» TASK DETAILS:
Begin with the line below holding "植物→经验书、天赋书;动物→摩拉、武器素材;矿物→精炼矿、元素石" and go on through the line holding "[시민일보=이대우 기자] 서울", duplicating each line exactly and leaving out pictures.

» GIVEN DATA:
== Segment start ==
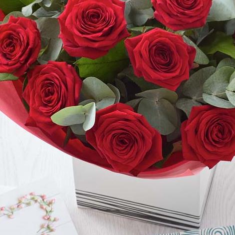 Want to woo someone with flowers? This is how you do it. Our artisan florists spiral long-stemmed red roses in the hand to create this magnificent bunch. It's then beautifully gift-wrapped and hand-delivered for a truly magical doorstep moment.
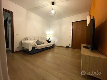 L'immobile, completamente ristrutturato nel 2019, si presenta in ottime condizioni ed è pronto per essere abitato. L'ingresso conduce direttamente alla zona giorno open space, composta da un accogliente soggiorno con accesso a una comoda loggia, ideale per momenti di relax, e da un angolo cottura a vista completo di cucina moderna. Attraverso un pratico corridoio si accede alla zona notte, dove trovano spazio un'ampia camera matrimoniale, una camera singola e un bagno finestrato dotato di doccia.
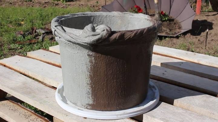 Разведите цемент водой до жидкого состояния. Замочите в нём ткань. Возьмите любое пластиковое ведёрко. Наденьте на него ткань.
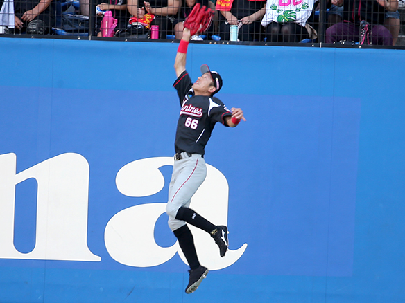 6番 根元 左邪飛 ファウルフライをペゲーロ(左)が捕球してバッターアウト 3アウトチェンジ |
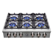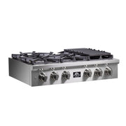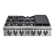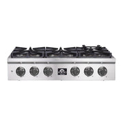 Forno 36" Pro-Style Gas Rangetop, 6 Sealed Brass Burners, Cast-Iron Grates, Griddle, FCTGS5751-36
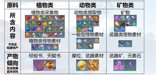 植物→经验书、天赋书;动物→摩拉、武器素材;矿物→精炼矿、元素石
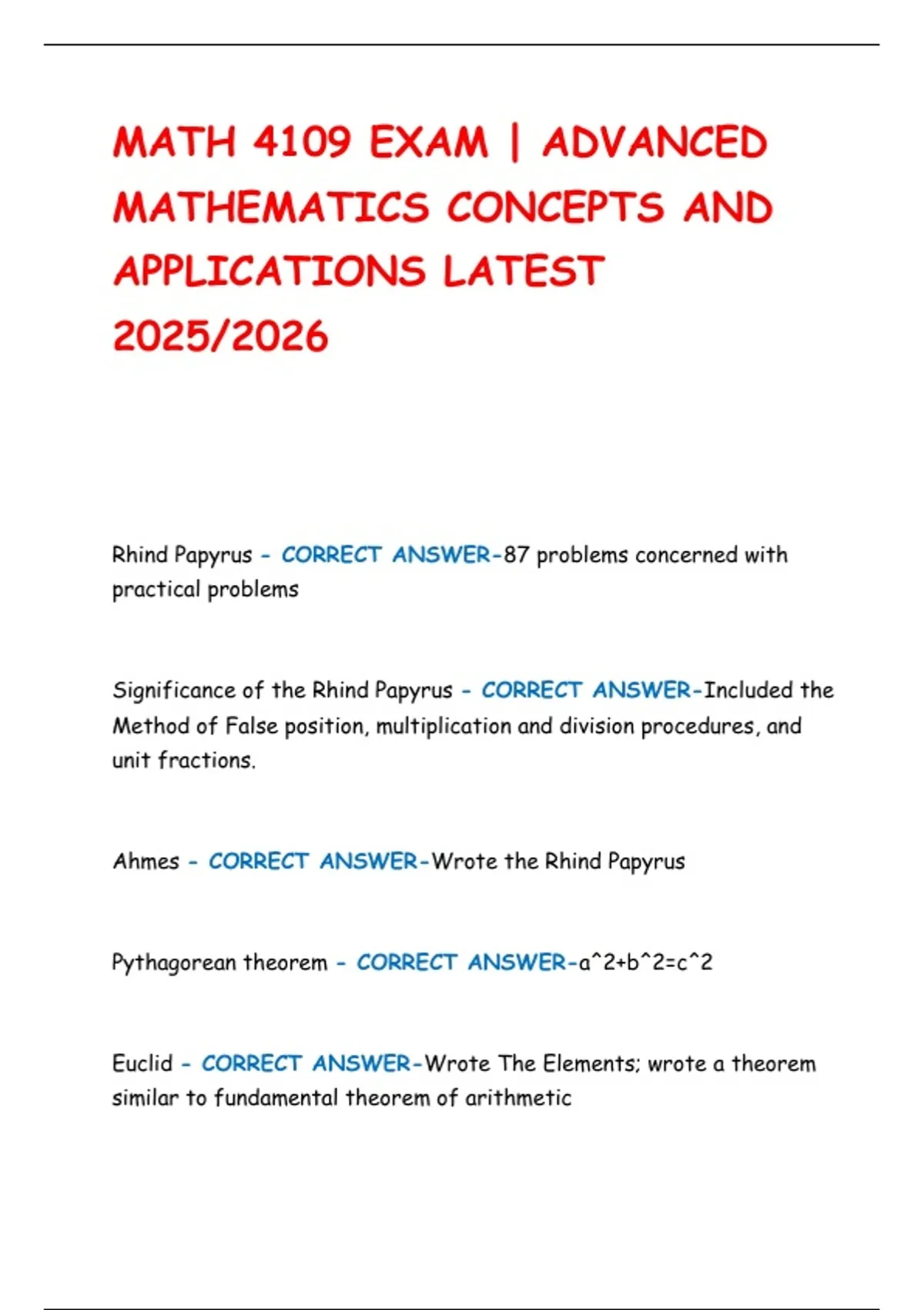 MATH 4109 EXAM | ADVANCED
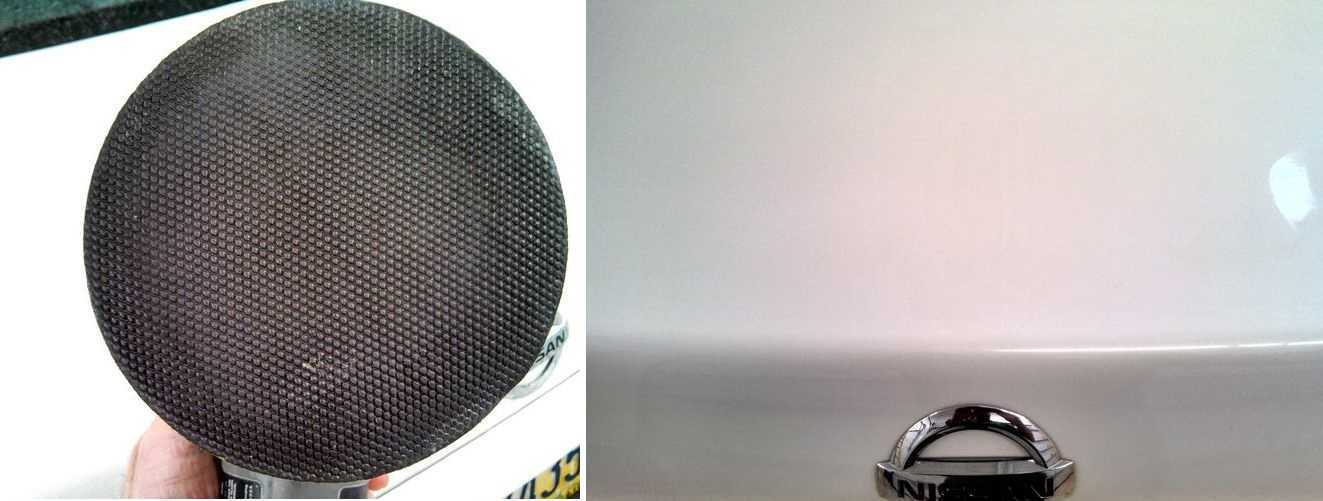 Для очистки использовался круг medium grade Nanoskin Autoscrub на орбитальной полировальной машинке с большим количеством смазывающего состава (разбавленный Nanoskin Glide). Это поролоновый круг в сочетании с очень мягкой резиновой поверхностью. После снятия загрязнений и протирания микрофиброй поверхность была отполирована.
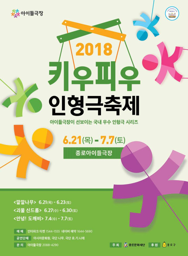 [시민일보=이대우 기자] 서울 종로구가 21일부터 어린이전용극장 ‘종로아이들극장’에서 어린이와 온 가족이 함께 즐기는 ‘2018 키우피우 인형극축제’를 개최한다.
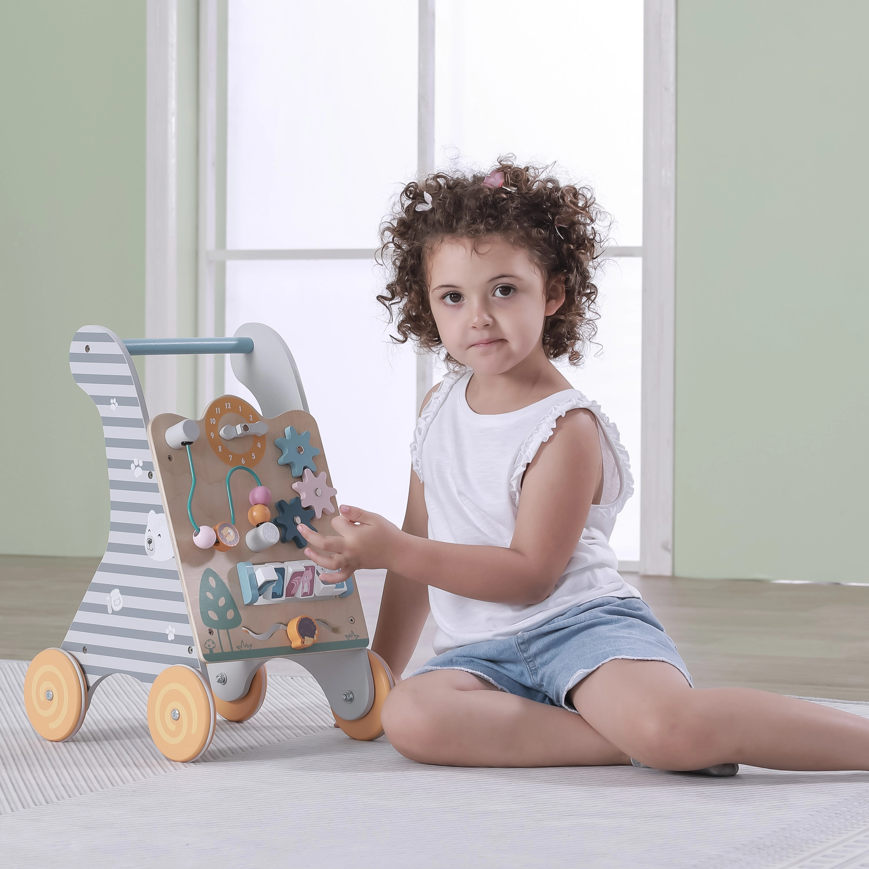 Koka izglītojošais staigulis no Viga Toys ir lielisks rīks motorikas un kognitīvo prasmju attīstīšanai bērniem no 18 mēnešu vecuma. Multifunkcionālais dizains apvieno stabilu staiguli un interaktīvu mācību paneli, kas māca bērniem atpazīt formas un krāsas. Pievilcīgi elementi, piemēram, zobrati, trases ar dzīvnieciņiem un sānu paneļi, notur bērna uzmanību un nodrošina izklaidi.
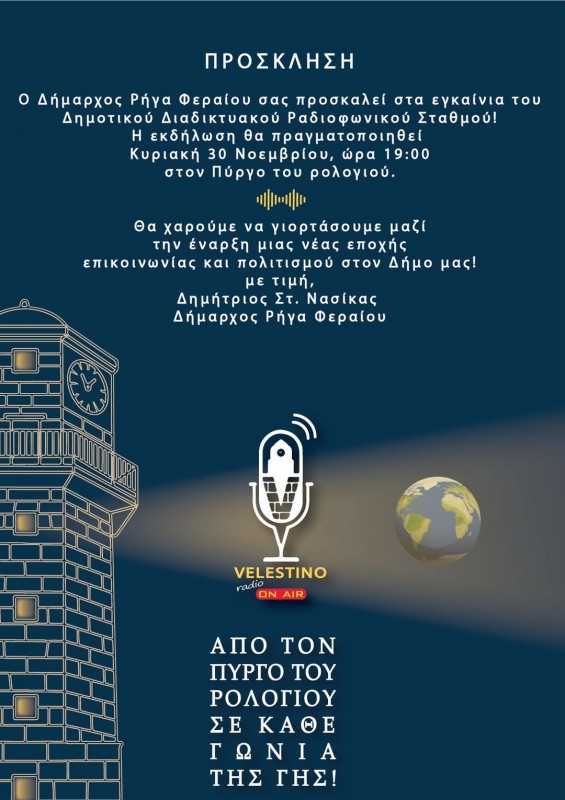 Την Κυριακή 30 Νοεμβρίου στις 7 το απόγευμα θα πραγματοποιηθεί η εκδήλωση εγκαινίων στο νέο Δημοτικό Διαδικτυακό Ραδιοφωνικό Σταθμό που θα φιλοξενείται στον Πύργο του Ρολογιού.
== Segment end ==
» OUTPUT OF THE TASK:
 植物→经验书、天赋书;动物→摩拉、武器素材;矿物→精炼矿、元素石
 MATH 4109 EXAM | ADVANCED
 Для очистки использовался круг medium grade Nanoskin Autoscrub на орбитальной полировальной машинке с большим количеством смазывающего состава (разбавленный Nanoskin Glide). Это поролоновый круг в сочетании с очень мягкой резиновой поверхностью. После снятия загрязнений и протирания микрофиброй поверхность была отполирована.
 [시민일보=이대우 기자] 서울 종로구가 21일부터 어린이전용극장 ‘종로아이들극장’에서 어린이와 온 가족이 함께 즐기는 ‘2018 키우피우 인형극축제’를 개최한다.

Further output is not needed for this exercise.